Task data:

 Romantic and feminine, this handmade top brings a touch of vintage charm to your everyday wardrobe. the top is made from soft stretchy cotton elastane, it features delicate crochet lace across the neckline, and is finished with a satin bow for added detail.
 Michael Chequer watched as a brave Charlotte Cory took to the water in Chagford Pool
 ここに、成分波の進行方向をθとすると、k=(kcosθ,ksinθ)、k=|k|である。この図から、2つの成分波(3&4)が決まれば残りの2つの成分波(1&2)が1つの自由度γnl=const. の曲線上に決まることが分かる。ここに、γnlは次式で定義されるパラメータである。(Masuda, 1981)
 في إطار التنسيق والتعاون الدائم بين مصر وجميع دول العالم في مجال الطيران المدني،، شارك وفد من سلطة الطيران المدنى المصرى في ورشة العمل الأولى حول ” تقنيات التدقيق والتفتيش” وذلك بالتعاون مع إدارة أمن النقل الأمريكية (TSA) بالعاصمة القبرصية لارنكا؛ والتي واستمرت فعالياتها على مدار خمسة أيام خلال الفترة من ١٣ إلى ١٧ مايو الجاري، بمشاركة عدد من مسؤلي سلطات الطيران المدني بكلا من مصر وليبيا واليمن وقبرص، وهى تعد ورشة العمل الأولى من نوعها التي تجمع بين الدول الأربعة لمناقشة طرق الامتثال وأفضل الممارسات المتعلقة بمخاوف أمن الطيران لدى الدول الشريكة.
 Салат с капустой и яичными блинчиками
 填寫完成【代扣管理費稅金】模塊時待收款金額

* * *

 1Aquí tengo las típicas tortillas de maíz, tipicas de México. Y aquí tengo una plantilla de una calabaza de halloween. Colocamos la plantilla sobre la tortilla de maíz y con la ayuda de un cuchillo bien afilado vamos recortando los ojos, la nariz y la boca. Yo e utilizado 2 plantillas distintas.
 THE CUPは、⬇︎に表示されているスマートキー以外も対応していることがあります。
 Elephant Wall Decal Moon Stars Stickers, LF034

* * *

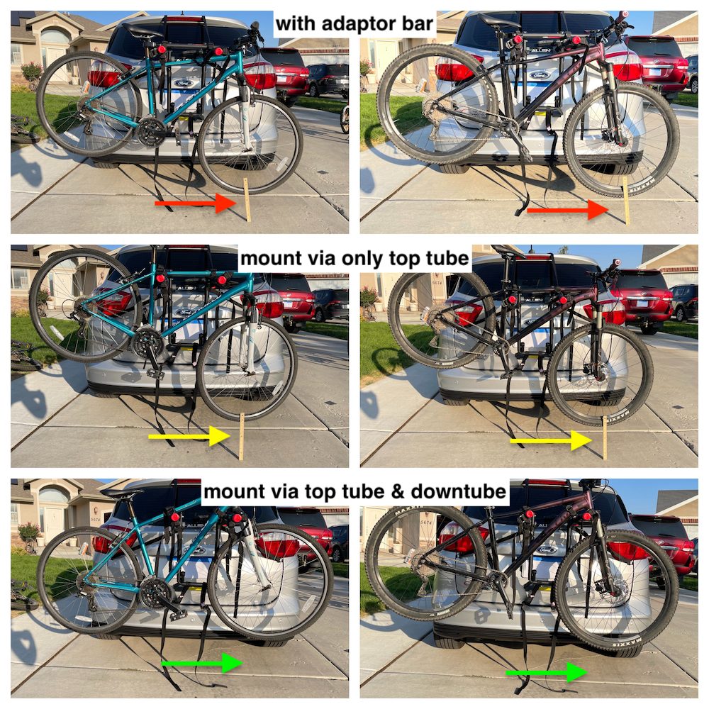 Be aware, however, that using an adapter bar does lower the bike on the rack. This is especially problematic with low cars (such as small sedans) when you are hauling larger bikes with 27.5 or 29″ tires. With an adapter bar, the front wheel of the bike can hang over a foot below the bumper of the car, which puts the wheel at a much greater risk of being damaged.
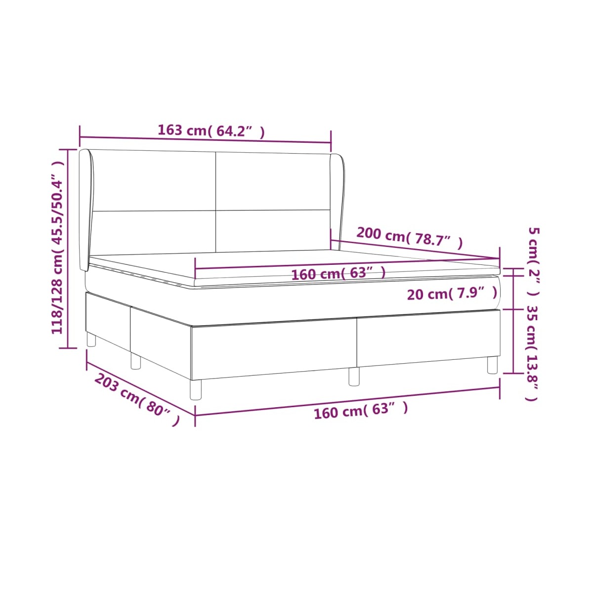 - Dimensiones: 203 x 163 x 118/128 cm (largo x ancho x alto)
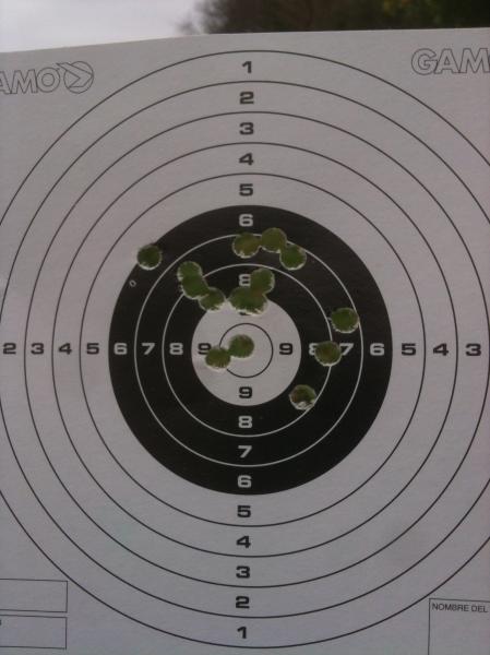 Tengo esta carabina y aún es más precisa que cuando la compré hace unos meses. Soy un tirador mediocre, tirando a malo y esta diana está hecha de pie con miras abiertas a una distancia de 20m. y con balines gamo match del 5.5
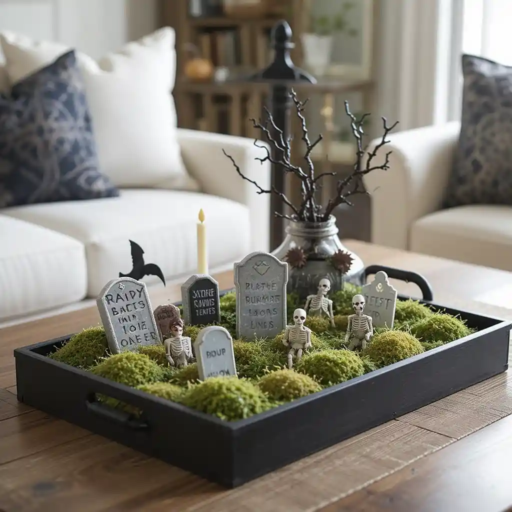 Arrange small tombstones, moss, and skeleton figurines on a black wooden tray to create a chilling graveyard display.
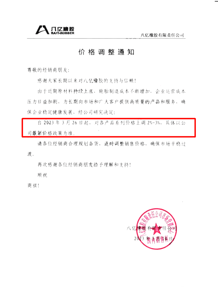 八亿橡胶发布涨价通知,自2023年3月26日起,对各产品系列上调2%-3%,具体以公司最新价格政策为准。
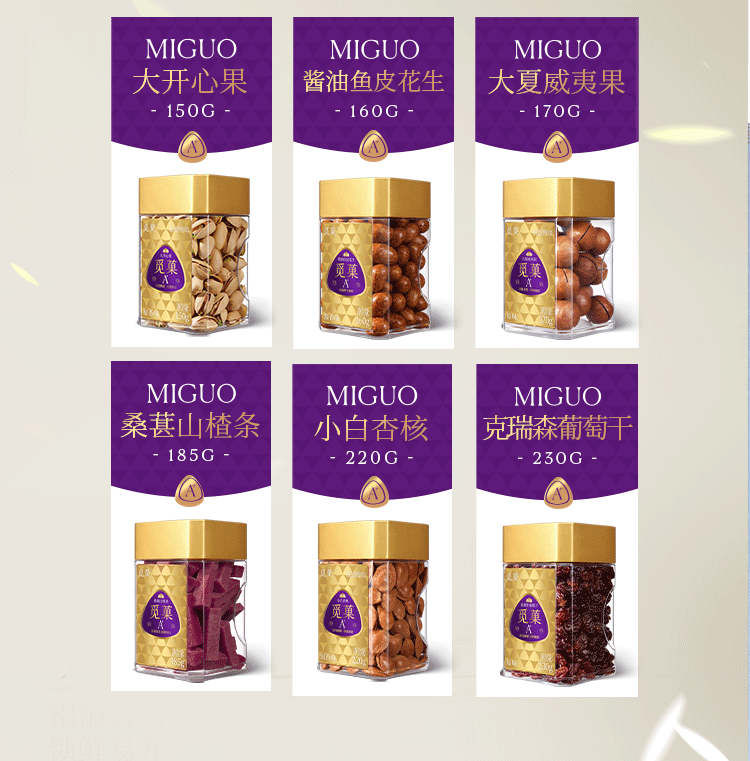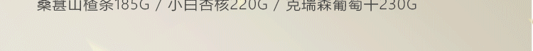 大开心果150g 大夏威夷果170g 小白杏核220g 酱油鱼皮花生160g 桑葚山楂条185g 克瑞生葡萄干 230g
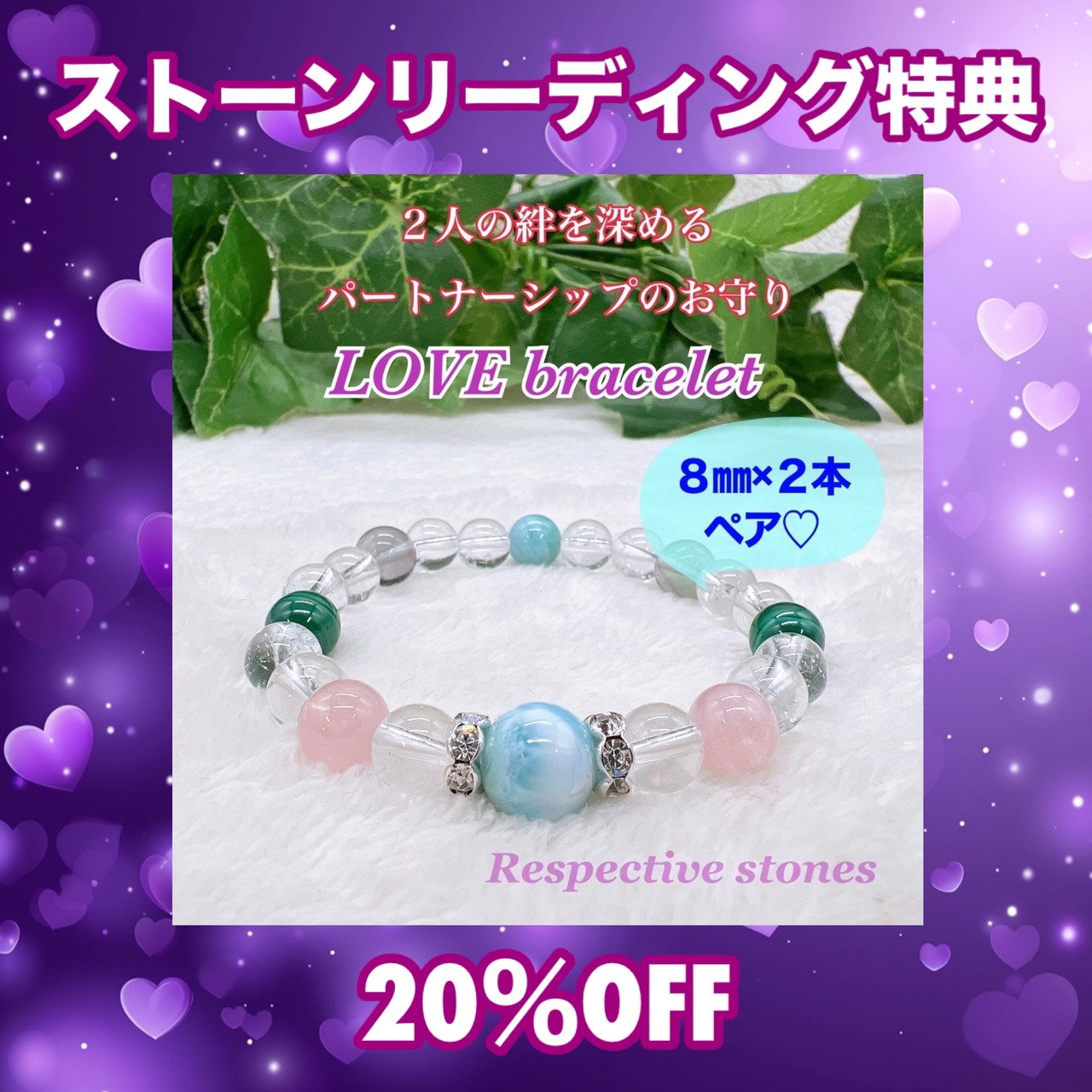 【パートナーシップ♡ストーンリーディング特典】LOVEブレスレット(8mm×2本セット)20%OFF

Description of the task: The lines above from the one with "Romantic and feminine, this" through the one with "填寫完成【代扣管理費稅金】模塊時待收款金額" are to be duplicated exactly, ends included, with nothing added.

Response to the task:
 Romantic and feminine, this handmade top brings a touch of vintage charm to your everyday wardrobe. the top is made from soft stretchy cotton elastane, it features delicate crochet lace across the neckline, and is finished with a satin bow for added detail.
 Michael Chequer watched as a brave Charlotte Cory took to the water in Chagford Pool
 ここに、成分波の進行方向をθとすると、k=(kcosθ,ksinθ)、k=|k|である。この図から、2つの成分波(3&4)が決まれば残りの2つの成分波(1&2)が1つの自由度γnl=const. の曲線上に決まることが分かる。ここに、γnlは次式で定義されるパラメータである。(Masuda, 1981)
 في إطار التنسيق والتعاون الدائم بين مصر وجميع دول العالم في مجال الطيران المدني،، شارك وفد من سلطة الطيران المدنى المصرى في ورشة العمل الأولى حول ” تقنيات التدقيق والتفتيش” وذلك بالتعاون مع إدارة أمن النقل الأمريكية (TSA) بالعاصمة القبرصية لارنكا؛ والتي واستمرت فعالياتها على مدار خمسة أيام خلال الفترة من ١٣ إلى ١٧ مايو الجاري، بمشاركة عدد من مسؤلي سلطات الطيران المدني بكلا من مصر وليبيا واليمن وقبرص، وهى تعد ورشة العمل الأولى من نوعها التي تجمع بين الدول الأربعة لمناقشة طرق الامتثال وأفضل الممارسات المتعلقة بمخاوف أمن الطيران لدى الدول الشريكة.
 Салат с капустой и яичными блинчиками
 填寫完成【代扣管理費稅金】模塊時待收款金額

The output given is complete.